In either XT1 or XT2, you can create a transaction function which can attach transaction metadata to your entities, or insert extra documents so that you can link the transaction to the created entities.
• https://v1-docs.xtdb.com/language-reference/1.24.3/datalog-transactions/#transaction-functions
• https://docs.xtdb.com/reference/main/xtql/txs.html#_call
XT1 doesn't have tables, but it does have the open-tx-log
API which you can use to scan for modified entities
Would it be feasible to have an extremely lightweight backend if only a single user would be allowed to run the in-memory version of XTDB v2 and only they would interact with it? I'm not talking about lambda functions but a backend that would basically run for each user (in theory) (for instance user fetches their account and then does a couple of joins on two tables and so on). What I'm thinking is that you mentioned the offloading of the working memory to object storage. What if it would be very aggressive and would only store the data items that were queried by the user? This would mean that XTDB v2 would be hostable in a very tiny "scope". Or maybe... agressive to not cache any objects at all and only query them on demand every time? What do you think about it? Maybe there is a good opinion about it? Would the increased incoming tx bandwidth offset the pros of this design? Would each XTDB instance need to have their own S3 bucket (or equivalent)?
Ah, sorry @U028ART884X: it's the non-working set that gets offloaded to object-storage - each node keeps its working set as local as possible so that it can respond to queries quickly. > This would mean that XTDB v2 would be hostable in a very tiny "scope". It would, yeah... This is something we could have optimised for, but I suspect this would mean quite a different database, in terms of the tradeoffs and constraints we were working with.
(openly, now wondering exactly what it'd take for us to do something like this! :thinking_face:)
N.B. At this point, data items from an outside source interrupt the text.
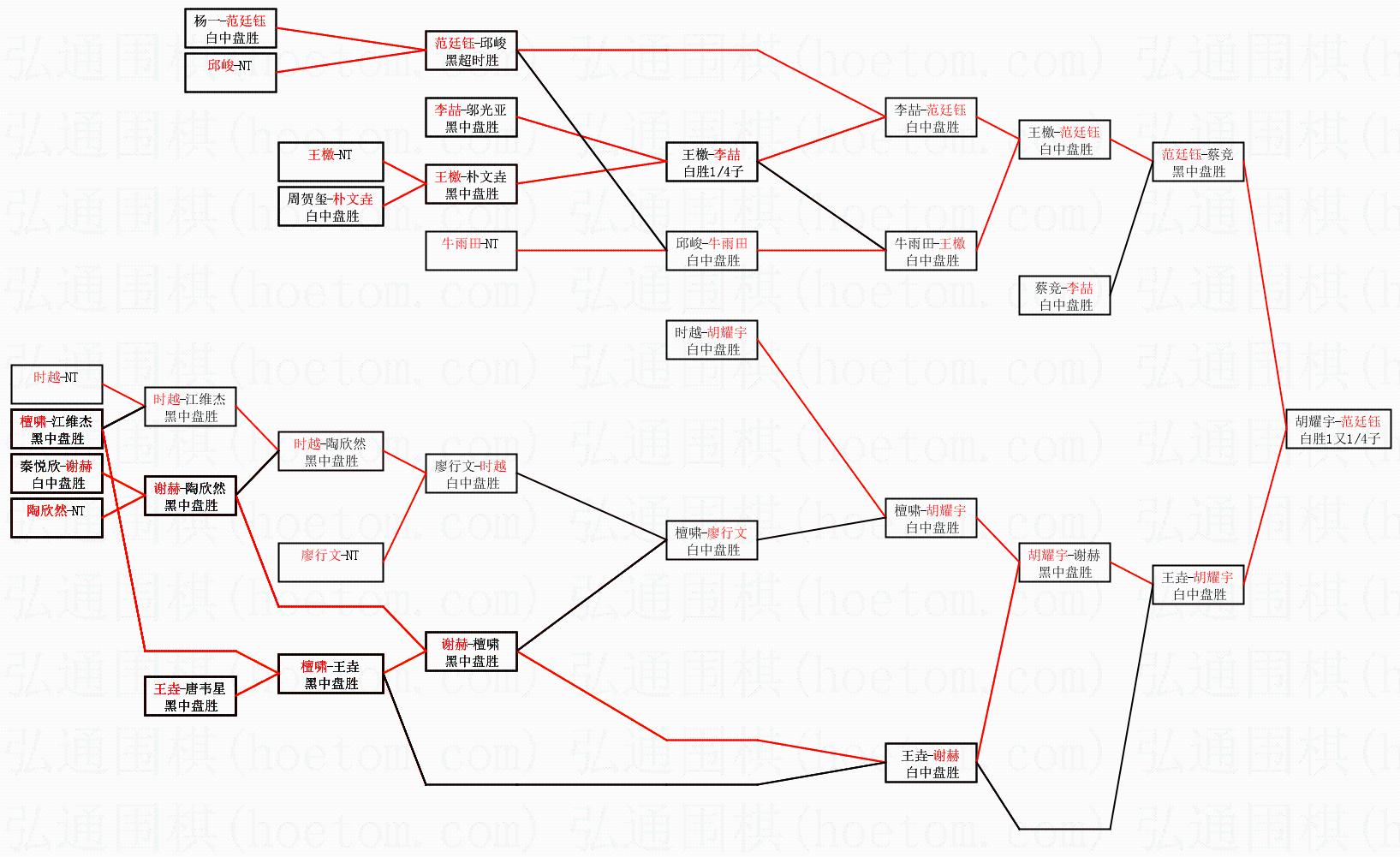 2.上半区半决赛范廷钰获胜, 比分:范廷钰 1:0 蔡竞。棋局: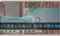 《只愿君心似我心》这是一款古代风格的益智解谜游戏,游戏中玩家需要在各种场景下寻找道具和线索才能推动游戏的发展进入下一关卡,那么接下来小编为大家带来第3关卡图文攻略,一起来看看吧。 《只愿君心似我心》第3关卡图文攻略 1.点击右边的金元宝2.点击女人的玉佩3.点击青衣男的补丁4.点击青衣男手中的盒子以上就是小编整理的关于《只愿君心似我心》第3关卡图文攻略的全部内容,更多游戏攻略请持续关注3DM手游网!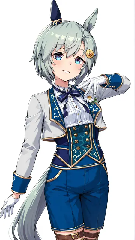 공식 대안 복장, 한쪽 귀 커버, 목 리본, 흰색 재킷, 꽃, 길이 단축된 재킷, 열린 재킷, 긴 소매, 흰색 장갑, 칼라 셔츠, 흰색 셔츠, 파란색 조끼, 단추, 윗가슴, 파란색 바지, 허벅지 스트랩, 다리 끈, 무릎까지 긴 양말, 파란색 신발,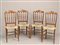 Quattro sedie in faggio, struttura in legno traforato e tornito, seduta...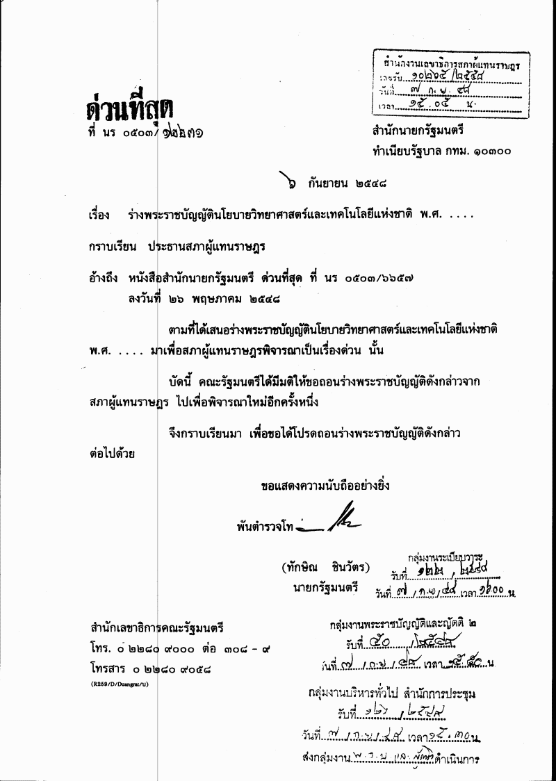 ร่างพระราชบัญญัตินโยบายวิทยาศาสตร์และเทคโนโลยีแห่งชาติ พ.ศ. .... |

There's certainly a few decisions we've taken so far which work against us, here - things like the page/file sizes, the on-disk format, the batchiness of the query engine - things which are (obv) more optimised for the deployment style we're recommending
If the goal here is multi-tenancy, it might be preferable to run one large XT instance instead, if that XT instance could also provide safe, fine-grained authn/authz (as we're aiming to do - but obviously aware we don't have that atm)
I'm thinking whether it would be possible to run XTDB inside the backend nodes and have all of these nodes very small and very disposable. i.e. the object storage and DB's snapshots would live separately in some kind of durable service (S3 or other), the MQ would keep the WAL (let's say it's Kafka) and then the Backend part would contain XTDB-inmem and backend logic in one node. If I'd want to implement this via my own event loop then I'd need to shard my data. But maybe this object offloading could allow for me to not need to think about sharding my data and instead it would "just work" by allowing the business logic to "use the data that it needs to use". I'd also want to keep the tx listener in that Backend node so that I'd be able to react to changes in WAL. This would of course mean that the MQ would have to send everything to every node. Buf first let's see if this is even possible.
I think that what I tried to describe is just a Single-leader replication with more steps and storage lock-in. The ultimate thin backend node is a stateless one. Because if S3 would be shared then only a single writer should be able to write into it and other nodes would listen to that leader to read the indexes that are produced on S3. And all of this still means that the ingestion speed won't be faster than just piping through a MQ. The only difference is that something like PostgreSQL doesn't provide the WAL listener channel to the backend node.